Lawsuit to Reform Harmful Oklahoma Child Welfare System May Proceed as Class Action, Federal Appeals Court Rules

DENVER, CO — Strongly rejecting state officials’ claims that a district court judge abused his discretion in granting class action status to a lawsuit aimed at reforming the harmful child welfare system of Oklahoma, the 10th Circuit Court of Appeals in Denver today unanimously upheld the lower court’s May 2009 decision to allow the lawsuit to proceed on behalf of all of the more than 10,000 abused and neglected children in state custody.

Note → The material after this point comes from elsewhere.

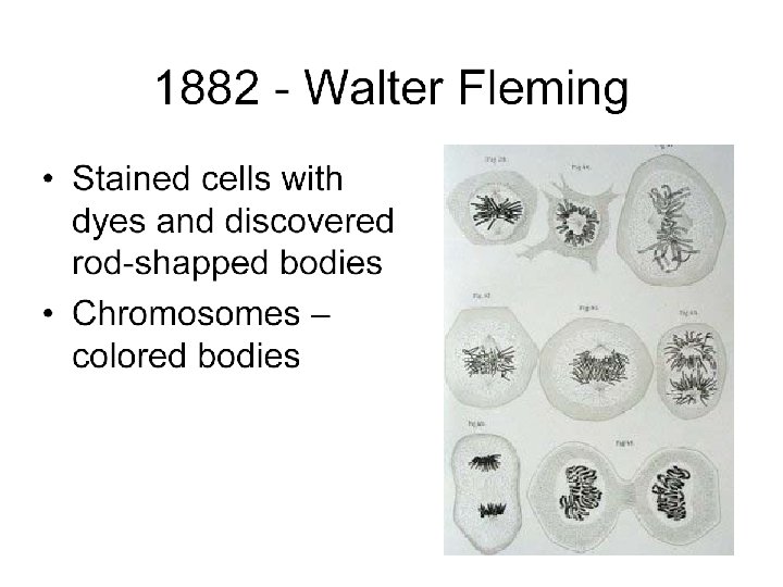 Later Concepts • 1900 - Not until 34 years after its publication did Mendel’s work receive additional attention, with publications in 1900 by three Botanists: Hugo de Vries, Carl Correns, and Erich von Tsernak; • 1902 - Walter Sutton first integrated the concepts of chromosomes with Mendel’s laws, in studies of grasshopper reproduction and cell division and concluded that Mendel’s heritable factors must be on the chromosomes. • 1907 – T. H. Morgan began his work with fruit flies, ultimately mapping gene locations.

Children’s Rights joined a team of Oklahoma attorneys and the international law firm Kaye Scholer in filing the lawsuit known as D.G. v. Henry in February 2008, charging the state Department of Human Services (DHS) with violating the constitutional rights of children by routinely placing them in unsafe, unsupervised, and unstable situations in which many suffer further abuse — and some die — due to the department’s longstanding failure to correct widespread problems that prevent it from providing adequate care and protection.

In its appeal of the district court’s decision to grant the case class action status, the state argued that the abuse suffered by some children in state foster homes (1.2 percent, according to the children’s complaint to the federal court) did not imply risk to all children in the custody of the state’s child welfare system.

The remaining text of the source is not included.